Retype the records in full, and please keep the pictures out of the copy.

───── Exercise inputs ─────

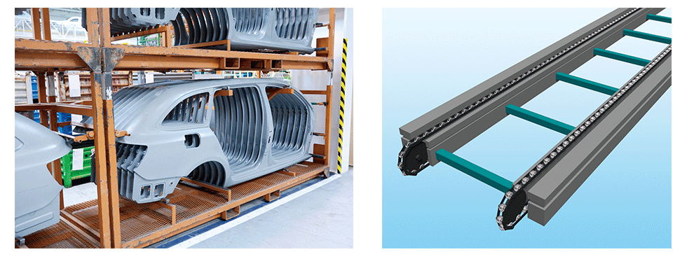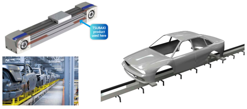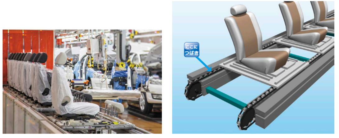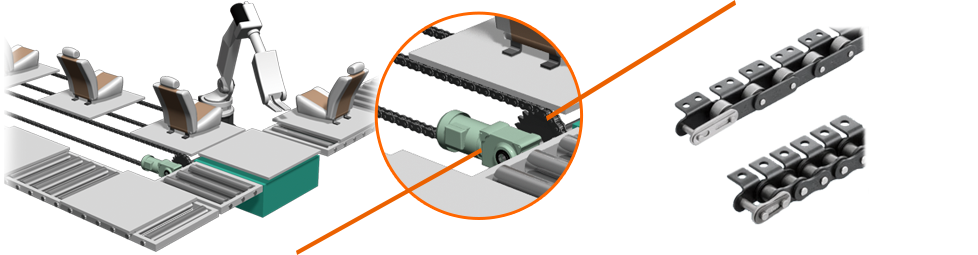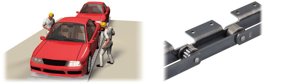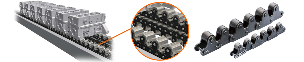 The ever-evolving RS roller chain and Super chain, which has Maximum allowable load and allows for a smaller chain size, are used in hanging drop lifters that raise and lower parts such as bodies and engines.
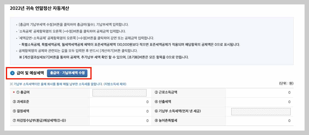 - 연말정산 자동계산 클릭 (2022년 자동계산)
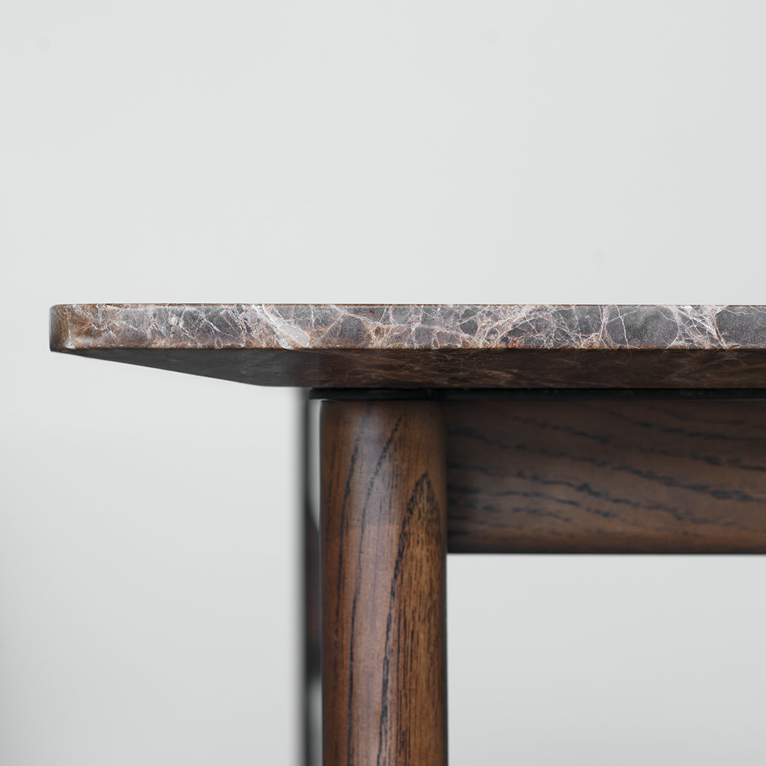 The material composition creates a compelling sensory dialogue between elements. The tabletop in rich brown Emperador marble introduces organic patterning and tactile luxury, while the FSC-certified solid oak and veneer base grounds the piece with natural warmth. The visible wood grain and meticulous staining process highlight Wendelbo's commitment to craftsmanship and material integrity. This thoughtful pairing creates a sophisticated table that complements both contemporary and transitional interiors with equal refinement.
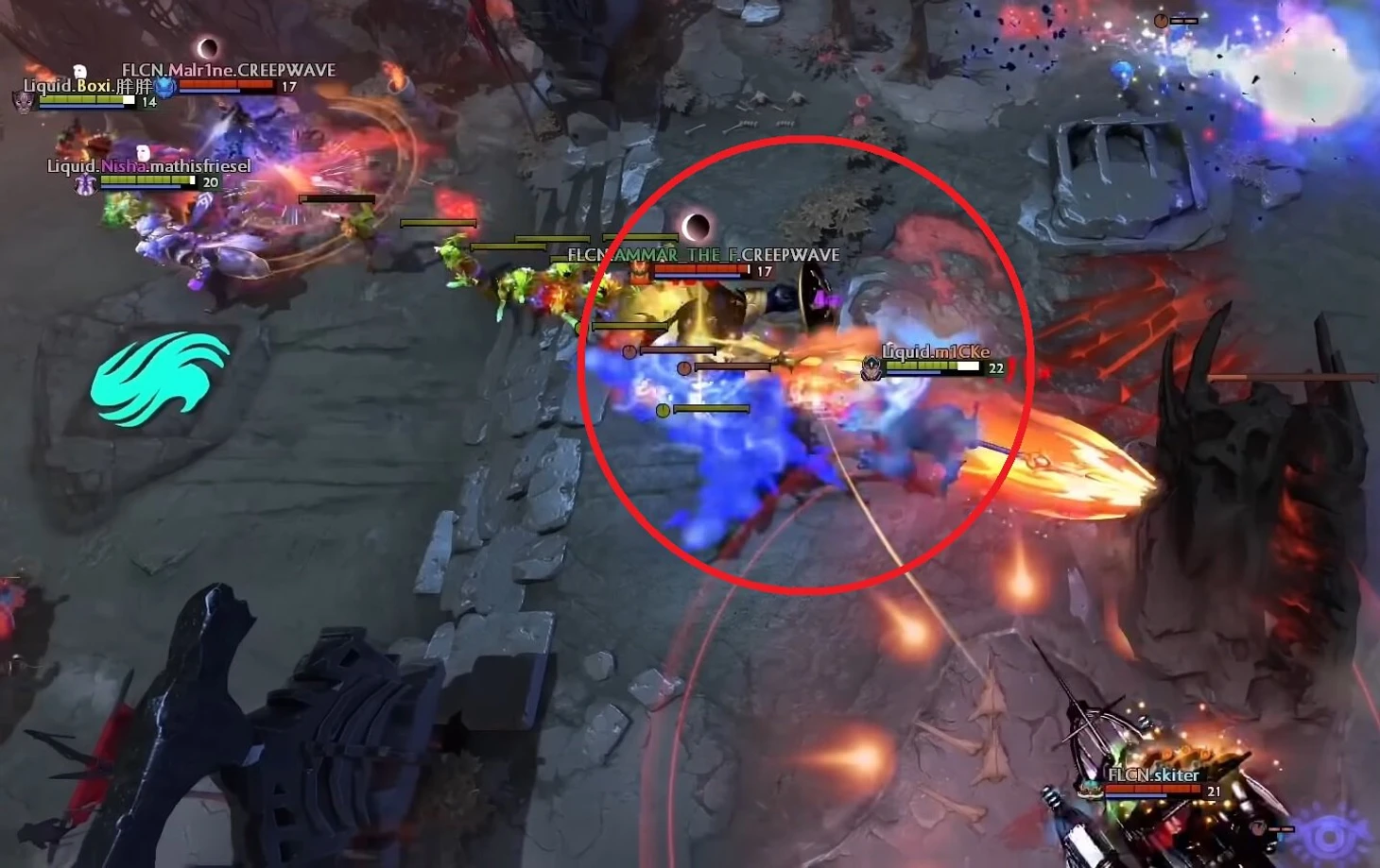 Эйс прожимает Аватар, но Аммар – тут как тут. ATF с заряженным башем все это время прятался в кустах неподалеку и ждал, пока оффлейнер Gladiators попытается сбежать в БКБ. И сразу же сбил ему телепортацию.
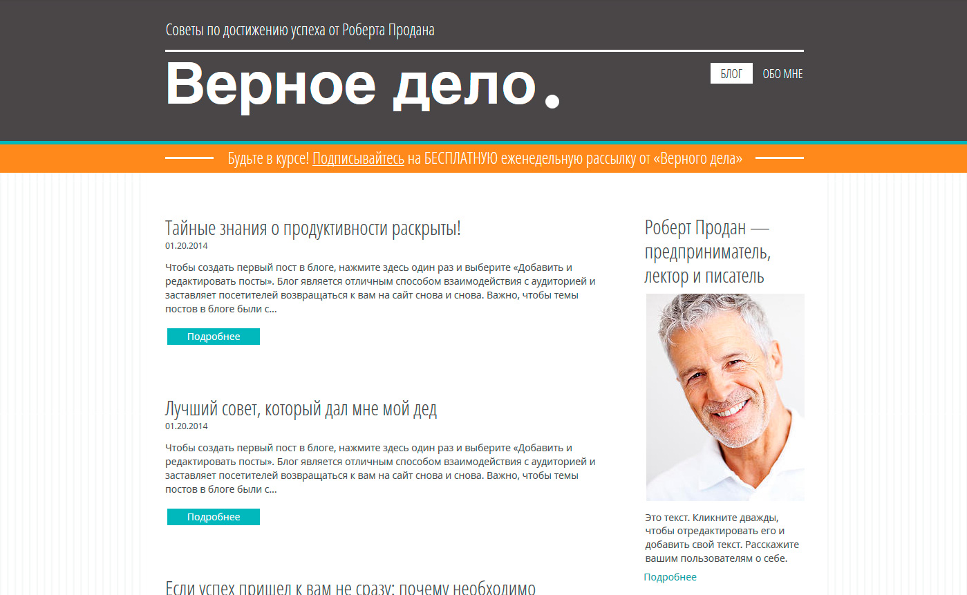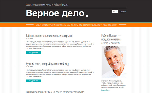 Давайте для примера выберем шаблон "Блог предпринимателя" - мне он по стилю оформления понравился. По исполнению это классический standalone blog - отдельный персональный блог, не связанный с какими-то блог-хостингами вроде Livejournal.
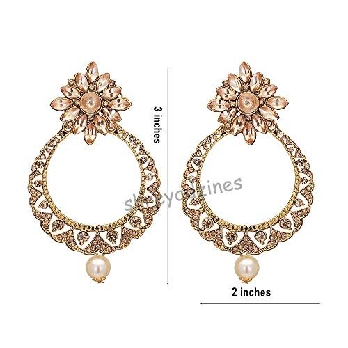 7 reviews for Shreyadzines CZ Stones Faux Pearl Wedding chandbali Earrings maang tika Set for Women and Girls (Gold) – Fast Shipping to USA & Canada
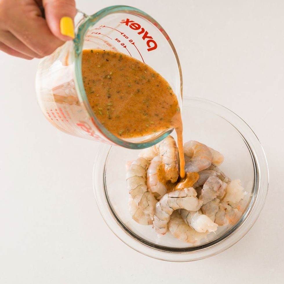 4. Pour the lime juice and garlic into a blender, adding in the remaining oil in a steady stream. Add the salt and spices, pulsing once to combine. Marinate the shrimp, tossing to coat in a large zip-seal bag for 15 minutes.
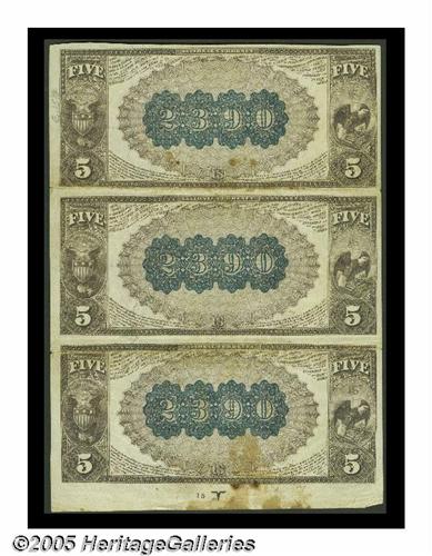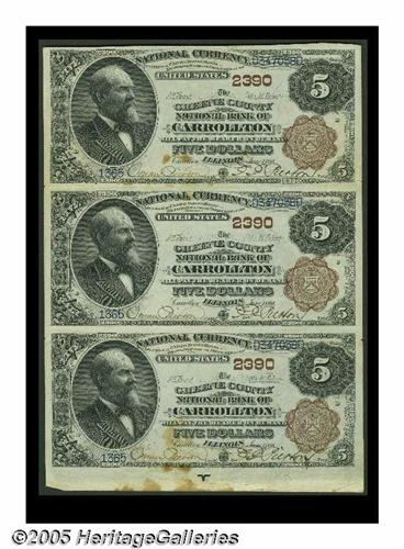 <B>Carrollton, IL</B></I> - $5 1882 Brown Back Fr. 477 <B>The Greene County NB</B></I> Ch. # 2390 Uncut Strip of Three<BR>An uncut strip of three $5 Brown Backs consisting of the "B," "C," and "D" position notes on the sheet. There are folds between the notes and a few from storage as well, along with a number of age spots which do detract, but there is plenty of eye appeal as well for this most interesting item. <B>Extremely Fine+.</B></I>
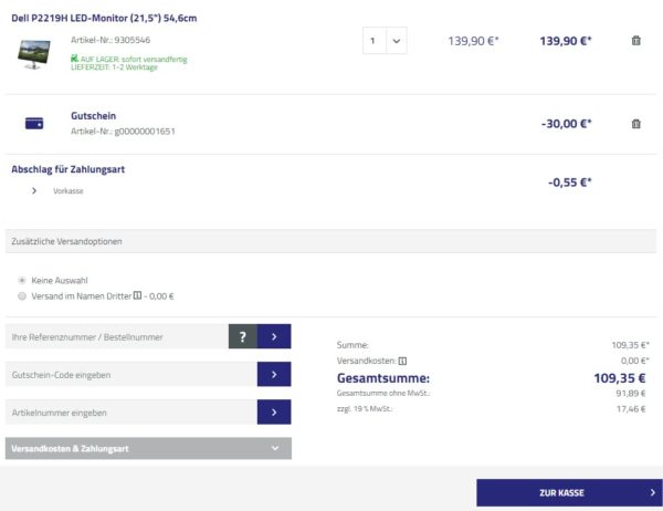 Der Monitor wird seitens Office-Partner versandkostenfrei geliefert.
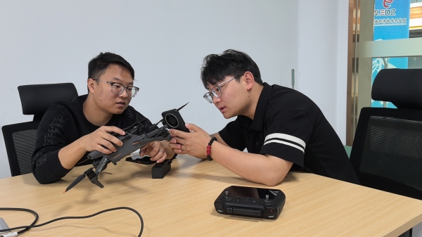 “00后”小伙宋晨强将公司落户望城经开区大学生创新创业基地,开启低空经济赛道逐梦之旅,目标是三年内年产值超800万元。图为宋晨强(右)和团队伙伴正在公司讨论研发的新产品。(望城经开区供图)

─────

▶ Output below
 The ever-evolving RS roller chain and Super chain, which has Maximum allowable load and allows for a smaller chain size, are used in hanging drop lifters that raise and lower parts such as bodies and engines.
 - 연말정산 자동계산 클릭 (2022년 자동계산)
 The material composition creates a compelling sensory dialogue between elements. The tabletop in rich brown Emperador marble introduces organic patterning and tactile luxury, while the FSC-certified solid oak and veneer base grounds the piece with natural warmth. The visible wood grain and meticulous staining process highlight Wendelbo's commitment to craftsmanship and material integrity. This thoughtful pairing creates a sophisticated table that complements both contemporary and transitional interiors with equal refinement.
 Эйс прожимает Аватар, но Аммар – тут как тут. ATF с заряженным башем все это время прятался в кустах неподалеку и ждал, пока оффлейнер Gladiators попытается сбежать в БКБ. И сразу же сбил ему телепортацию.
 Давайте для примера выберем шаблон "Блог предпринимателя" - мне он по стилю оформления понравился. По исполнению это классический standalone blog - отдельный персональный блог, не связанный с какими-то блог-хостингами вроде Livejournal.
 7 reviews for Shreyadzines CZ Stones Faux Pearl Wedding chandbali Earrings maang tika Set for Women and Girls (Gold) – Fast Shipping to USA & Canada
 4. Pour the lime juice and garlic into a blender, adding in the remaining oil in a steady stream. Add the salt and spices, pulsing once to combine. Marinate the shrimp, tossing to coat in a large zip-seal bag for 15 minutes.
 <B>Carrollton, IL</B></I> - $5 1882 Brown Back Fr. 477 <B>The Greene County NB</B></I> Ch. # 2390 Uncut Strip of Three<BR>An uncut strip of three $5 Brown Backs consisting of the "B," "C," and "D" position notes on the sheet. There are folds between the notes and a few from storage as well, along with a number of age spots which do detract, but there is plenty of eye appeal as well for this most interesting item. <B>Extremely Fine+.</B></I>
 Der Monitor wird seitens Office-Partner versandkostenfrei geliefert.
 “00后”小伙宋晨强将公司落户望城经开区大学生创新创业基地,开启低空经济赛道逐梦之旅,目标是三年内年产值超800万元。图为宋晨强(右)和团队伙伴正在公司讨论研发的新产品。(望城经开区供图)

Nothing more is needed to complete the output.